The second tier of local government is Huntingdonshire District Council which is a non-metropolitan district of Cambridgeshire and has its headquarters in Huntingdon. Huntingdonshire District Council has 52 councillors representing 29 district wards. Huntingdonshire District Council collects the council tax, and provides services such as building regulations, local planning, environmental health, leisure and tourism. Hamerton is a part of the district ward of Sawtry and is represented on the district council by two councillors. District councillors serve for four-year terms following elections to Huntingdonshire District Council.

For Hamerton the highest tier of local government is Cambridgeshire County Council which has administration buildings in Cambridge. The county council provides county-wide services such as major road infrastructure, fire and rescue, education, social services, libraries and heritage services. Cambridgeshire County Council consists of 69 councillors representing 60 electoral divisions. Hamerton is part of the electoral division of Sawtry and Ellington and is represented on the county council by one councillor.

At Westminster Hamerton is in the parliamentary constituency of North West Cambridgeshire, and elects one Member of Parliament (MP) by the first past the post system of election. Hamerton is represented in the House of Commons by Shailesh Vara (Conservative). Shailesh Vara has represented the constituency since 2005. The previous member of parliament was Brian Mawhinney (Conservative) who represented the constituency between 1997 and 2005.

== Demography ==

=== Population ===

In the period 1801 to 1901 the population of Hamerton was recorded every ten years by the UK census. During this time the population was in the range of 129 (the lowest was in 1801) and 187 (the highest was in 1871).

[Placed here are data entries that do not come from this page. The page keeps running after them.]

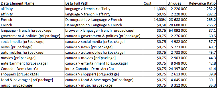 Dans l’industrie numérique, il y a des entreprises, dont Google et Facebook sont les meilleurs exemples, qui ont pour modèle d’affaires l’accummulation et la monétisation des données d’audience sur leurs plate-formes respectives. Ces entreprises deviennent alors des fournisseurs de data d’audience capables de vous vendre des segments de comportements très ciblés, comme par exemple un bassin d’utilisateurs “à la recherche d’un vol vers l’Italie à partir de Montréal.” Ces fournisseurs offrent leurs données en ventes sur les DMP (Data Management Platforms) dont nous parlerons dans le prochain billet. Ces données peuvent être juxtaposées à l’achat d’une impression sur les enchères publicitaires auxquelles vous accédez via un DSP. Pour ceux qui sont outragés par cette pratique, prenez note de ce dicton, “si vous n’avez pas payé pour un service, vous en êtes le produit.”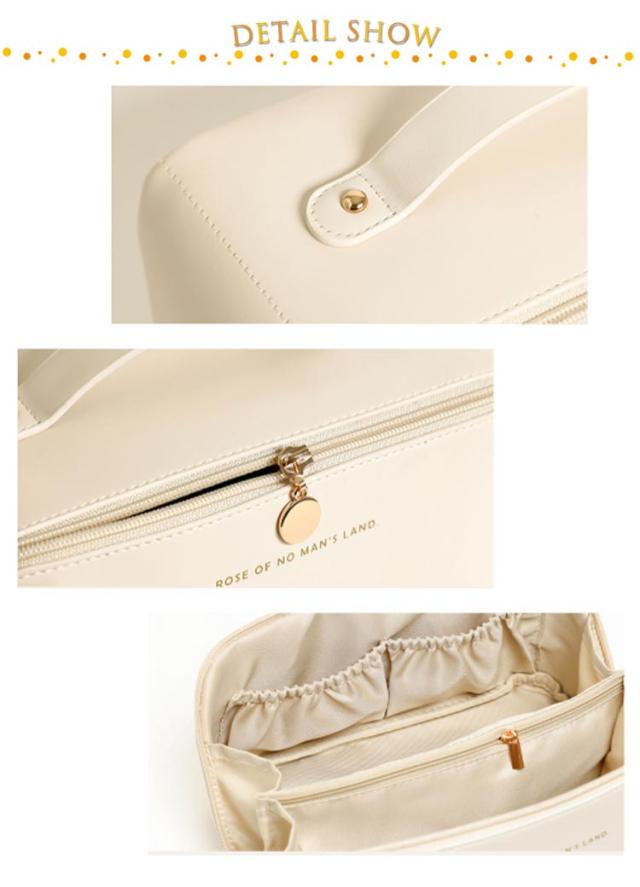| PUレザー素材を採用、北欧風デザインで高級感たっぷり。ファッション性と機能性兼ね備えるバニティケース。 お洒落で大容量、化粧品・コスメ道具や洗面道具を見やすく整理できます。 細かく仕切られていて、中身が散らからずにすっきり収納! 柔軟性に優れた生地感は軽い防水効果もあります。 程良い長さの持ち手が施され、持ち運ぶにもとても便利! 日常使いはもちろん、旅行や出張時も必ず大活躍のアイテム。 | |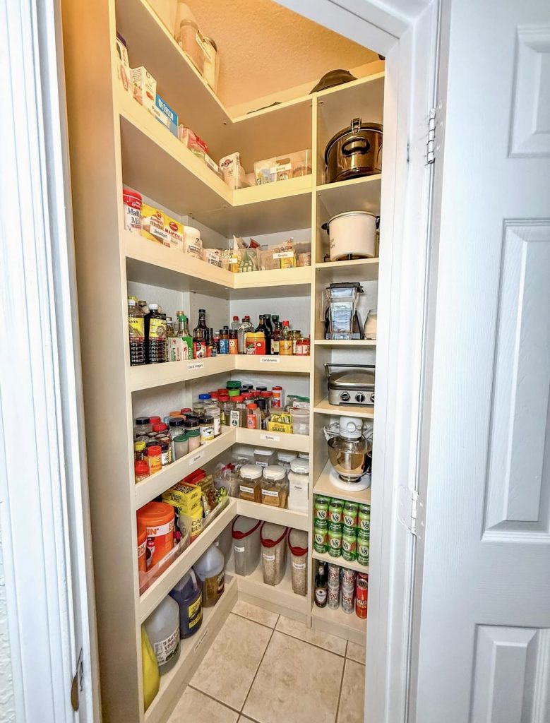 Here, every wall is used to its fullest, with shelving ideas wrapping around the entire pantry. Jars, bottles, and bins each have their own zone, showing how a thoughtful layout can keep even the busiest pantry under control. The labeled containers make it easy to organize and maintain order long-term. This design proves that efficient storage ideas can work in tight quarters.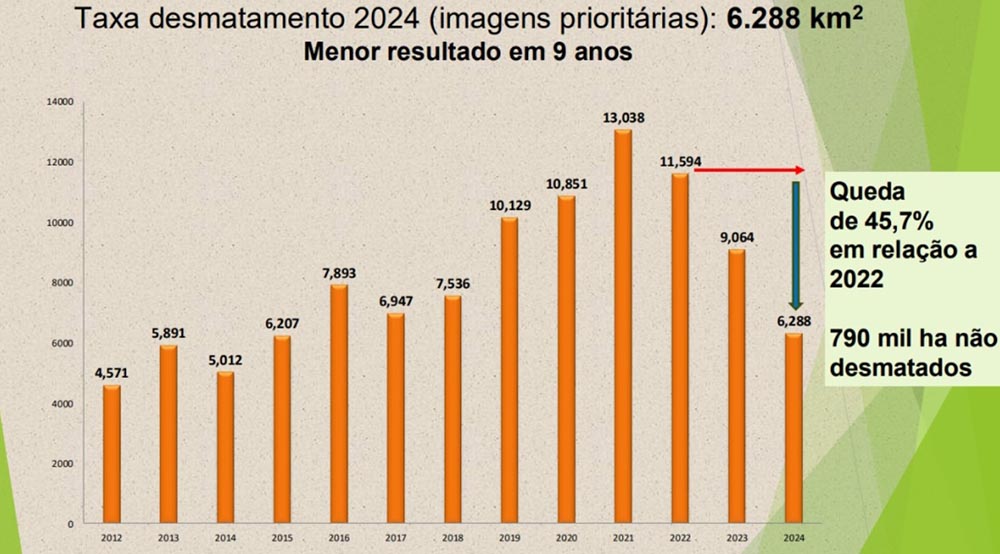 Já na Amazônia, a queda foi de 5% entre agosto de 2024 e abril de 2025 em relação ao mesmo período entre 2023 e 2024. Trata-se do melhor resultado desde 2016. Quanto ao primeiro quadrimestre de 2025, a redução foi de 1% em relação ao período de janeiro a abril do ano anterior.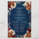 Elegant Navy blue, Terracotta , Orange earthy floral theme wedding program featuring elegant bouquet of Navy blue, Terracotta color roses peonies and green eucalyptus leaves. Please contact me for any help in customization or if you need any other product with this design.
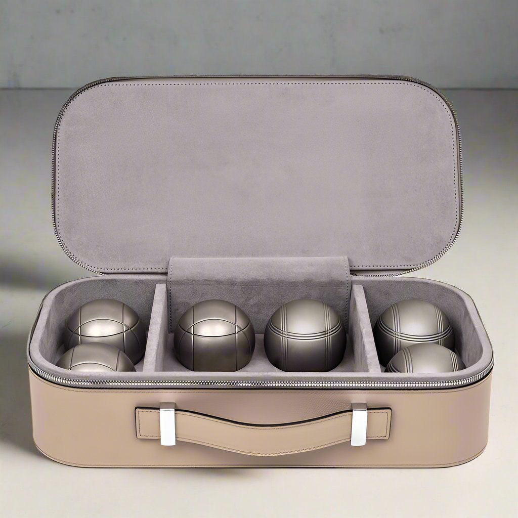 This exquisite Pétanque game set contains 8 metal balls with a wooden jack.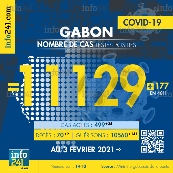 Ce qui porte le bilan à 11 129 cas confirmés, 70 décès et 10 560 guérisons. Le Gabon compte actuellement 499(+34) cas actifs de la pandémie officiellement déclarés. Parmi eux 33(-4) patients hospitalisés dans le pays dont 11(-1) en réanimation.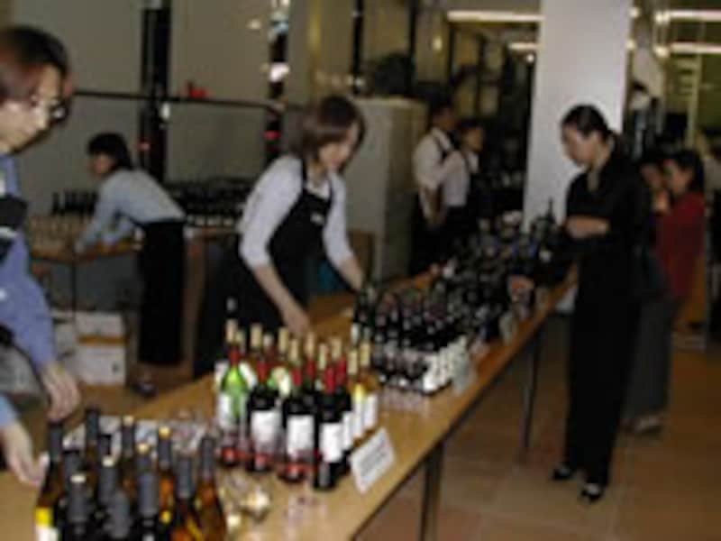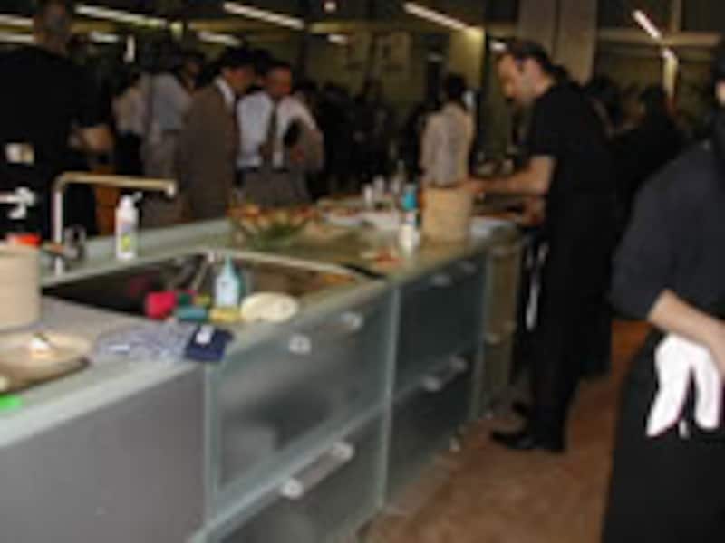 キッチンスタジオのオープンとあって、十数種類のワインや数々のカナッペやにぎり鮨など、 千人のゲストのお腹を充分にみたせてくれるメニューにみなさん満足顔!! |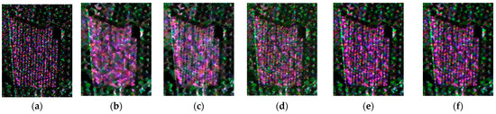 The Pauli decomposition of different filters for region 2 in Figure 12. (a) Original Pauli image without filtering; (b) Re-Lee Filter; (c) IDAN Filter; (d) NLM Filter; (e) JRP Filter; (f) JSMC Filter.
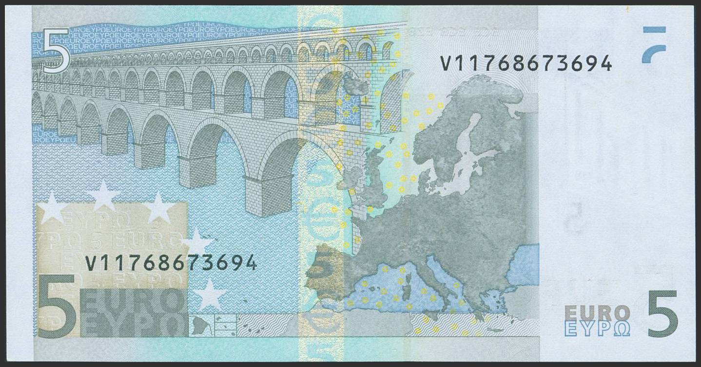 5 Euros. 1 de Enero de 2002. Firma Trichet. Serie V (España). (Edifil 2023: 486A). SC.
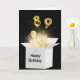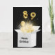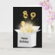 Balões Dourados e feixes de luz cintilantes brilham em uma caixa branca sobre fundo preto no 89º aniversário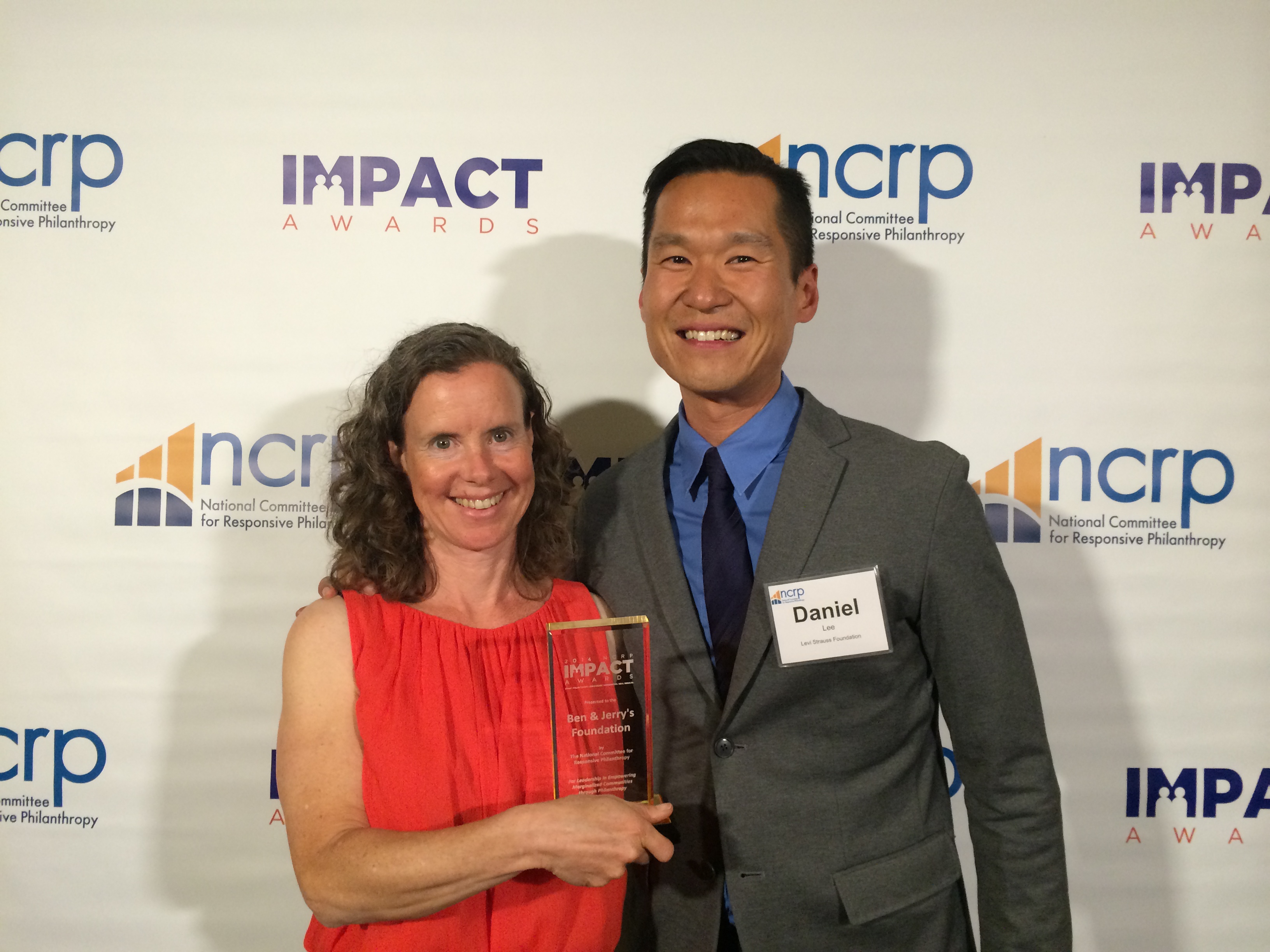 In 2013, the National Committee for Responsive Philanthropy (NCRP) awarded the Levi Strauss Foundation (LSF) with its inaugural NCRP Impact Award in the corporate foundation category. Last night, Daniel Lee, Executive Director of the Levi Strauss Foundation, had the honor of recognizing this year’s corporate impact award winner – the Ben & Jerry’s Foundation. And while we are in two vastly different industries, we have a lot in common when it comes to values and giving back to our communities.

From 1901, a census was taken every ten years with the exception of 1941 (due to the Second World War).

| Parish | 1911 | 1921 | 1931 | 1951 | 1961 | 1971 | 1981 | 1991 | 2001 | 2011 |
|---|---|---|---|---|---|---|---|---|---|---|
| Hamerton | 159 | 140 | 121 | 141 | 130 | 93 | 100 | 101 | 87 |  |
| Steeple Gidding | 81 | 62 | 59 | 57 | 56 | 43 | 39 | 27 | 33 |  |
| Hamerton and Steeple Gidding | 240 | 202 | 180 | 198 | 186 | 136 | 139 | 128 | 120 | 112 |

All population census figures from report Historic Census figures Cambridgeshire to 2011 by Cambridgeshire Insight.

In 2011, the parish covered an area of 3284 acre and the population density for Hamerton and Steeple Gidding in 2011 was 21.8 persons per square mile (8.4 per square kilometre).